The Basel Committee is seeking to bolster banks’ liquidity and capital to prevent a repeat of the credit crisis that deepened when Lehman Brothers Holdings Inc. collapsed in 2008. Australia’s lenders largely stayed profitable and didn’t require bailouts during that crisis, which forced financial institutions worldwide to raise $1.6 trillion of capital amid more than $2 trillion of losses.
The regulator aims to “strengthen the resilience” of banks, APRA Chairman John Laker said in the statement.
The secured facilities at the RBA will cover gaps between lenders’ liquid assets and global regulators’ requirements, the central bank and APRA said in separate releases today on their websites.
The RBA said repurchase margins will be increased for all fixed-income securities sold by financial corporations other than asset-backed debt, as well as on some issuances from supra-national institutions. It lowered the margins for federal and state government short-term debt and cut the minimum credit rating allowed on financial firms’ securities to BBB+ from A-.
Lenders will consider the impact of APRA’s liquidity targets, asset definitions and assumptions on cash flows, as well as the operation of the RBA liquidity facility, “to determine the financial impact of the proposed new standards for Australia,” Steven Munchenberg, chief executive of the Australian Bankers’ Association in Sydney, said in an e-mailed statement today.
Commonwealth Bank of Australia, the nation’s biggest lender, said yesterday it had increased liquid assets by A$8 billion ($8.1 billion) in the three months ended Sept. 30 to A$109 billion, causing its underlying net interest margin to fall “marginally.”
The Basel committee wants banks to hold enough assets that can be converted into cash to meet their needs for 30 days in a “severe liquidity stress scenario,” according to a document on the Bank for International Settlement’s website.

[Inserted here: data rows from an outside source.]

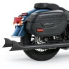 ソフテイルのマフラーは片側出しですが、このエキゾーストはバランスの良い左右出しスタイルに変えます。 ヘリテイジクラシックやデラックスに特に似合います。 マフラーエンドはシャークテール(フィッシュテール)(フィッシュテール)ですので、ノスタルジックな雰囲気を一層引き立てます。 エキゾーストパイプ外周を220度カバーする、16ゲージ厚のヘビーデューティーなフルカバー・ヒートシールドが付属します。 ヒートシールド外径は2.5インチです。 O2センサー用ポート付です。 音量を下げたい方は、別売消音バッフル(AC00173)を使用してください。 ※2021以降 ソフテイルは、O2キャンセラー(1081-0009)が別途必要です。 ※FLHC/S、FXLRST、FLSBに取り付けるには別途サドルバッグサポートアダプター(AC00249)が必要となります。
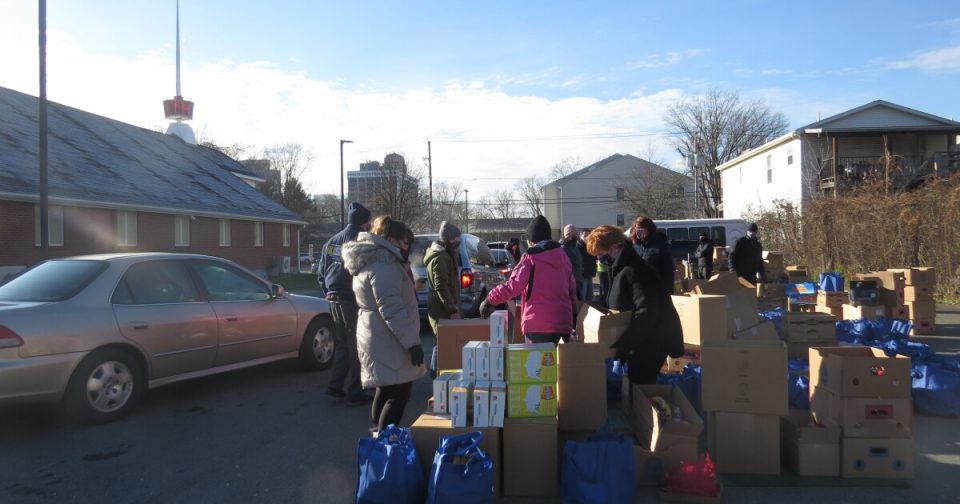 On Monday morning, cars are parked five lanes wide in the parking lot and down the block, waiting to pick up boxes or bags of supplemental and emergency food at the Metropolitan Baptist Church in Albany.
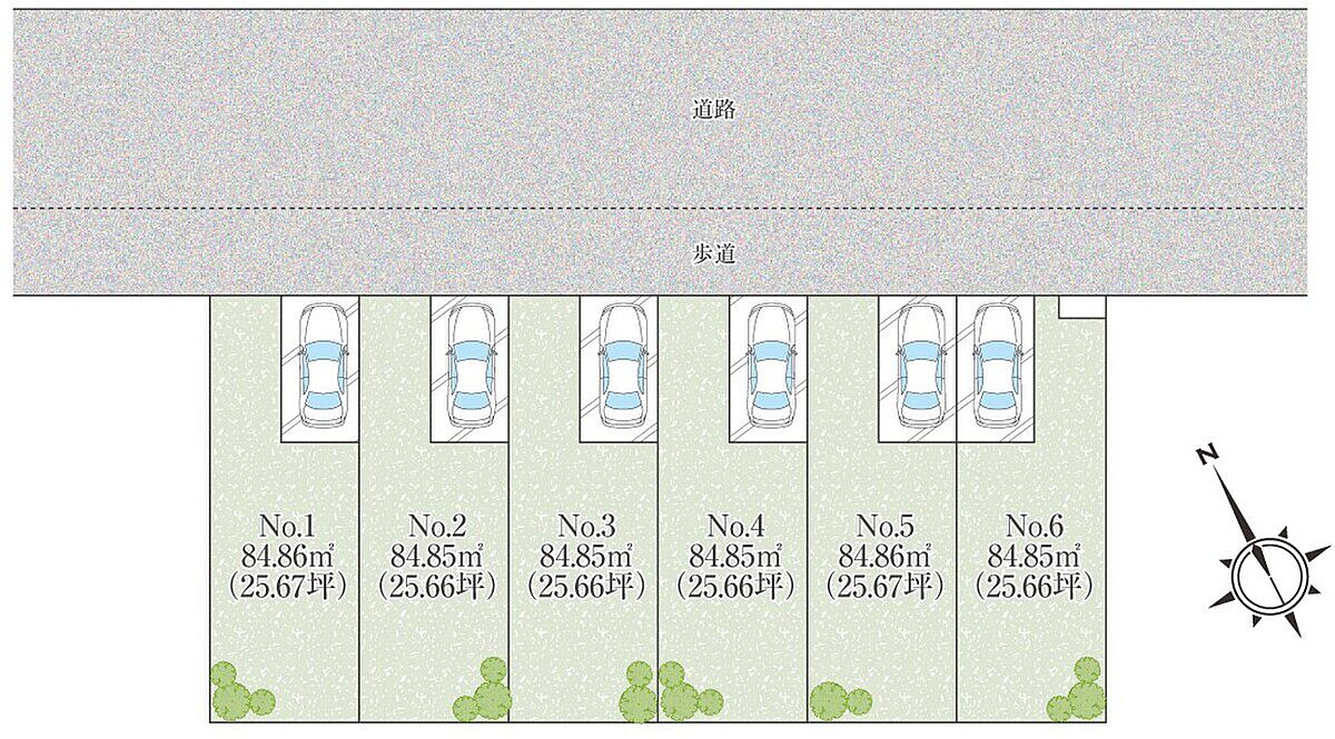 | 建物面積 | - | 土地面積 | 84.85m2~84.86m2(6区画) |
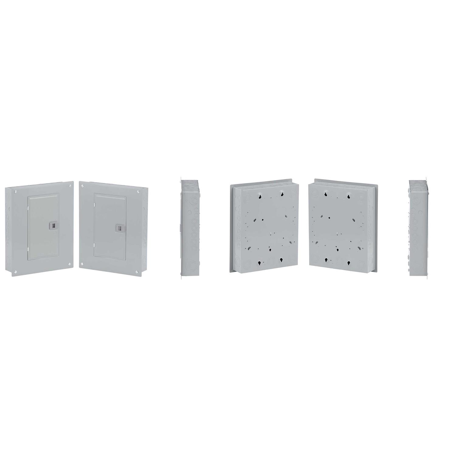 - Includes a combination flush/surface cover and is convertible to main breaker load center with a QOM1 main breaker (sold separately)
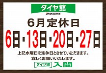 6/20(水)は定休日となります。 宜しくお願いいたします。 タイヤ館入間
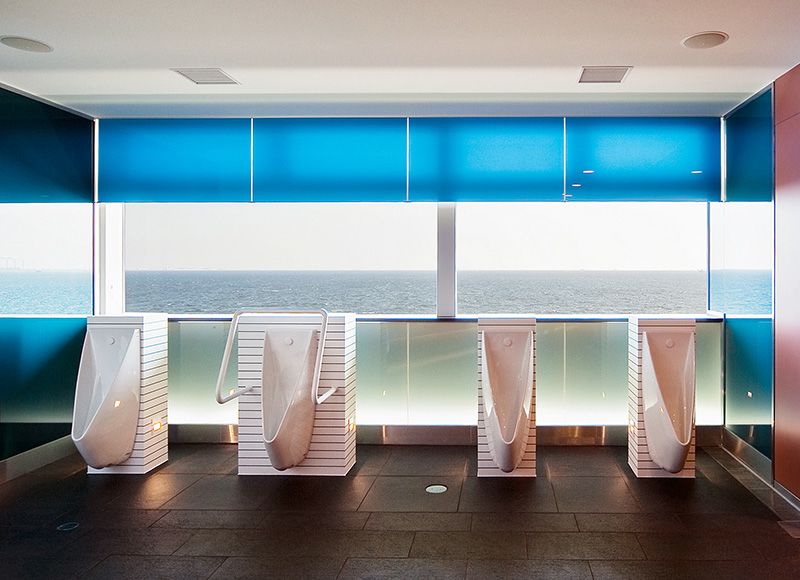 В проекте туалета зоны отдыха «Умихотару» на автотрассе «Токио Акуарайн», проходящей над Токийским заливом, в полной мере использованы особенности расположения.

While banks in most countries will meet the liquidity coverage ratio predominantly through holding government debt, there aren’t enough sovereign bonds outstanding in Australia for lenders to buy, APRA and the RBA said in a statement in December, when they announced the plan for the central bank to offer contingency loans.
Banks will put up assets eligible for repurchase transactions with the RBA as collateral to access the standby funds, they said. Lenders will also be able to use self-securitized assets to access the facility, APRA said today.
There’s about A$191 billion of Australian government debt on issue, according to a federal website. U.S. marketable debt expanded for a 13th-straight quarter in the three months ended Sept. 30 to total $9.6 trillion, Treasury data show.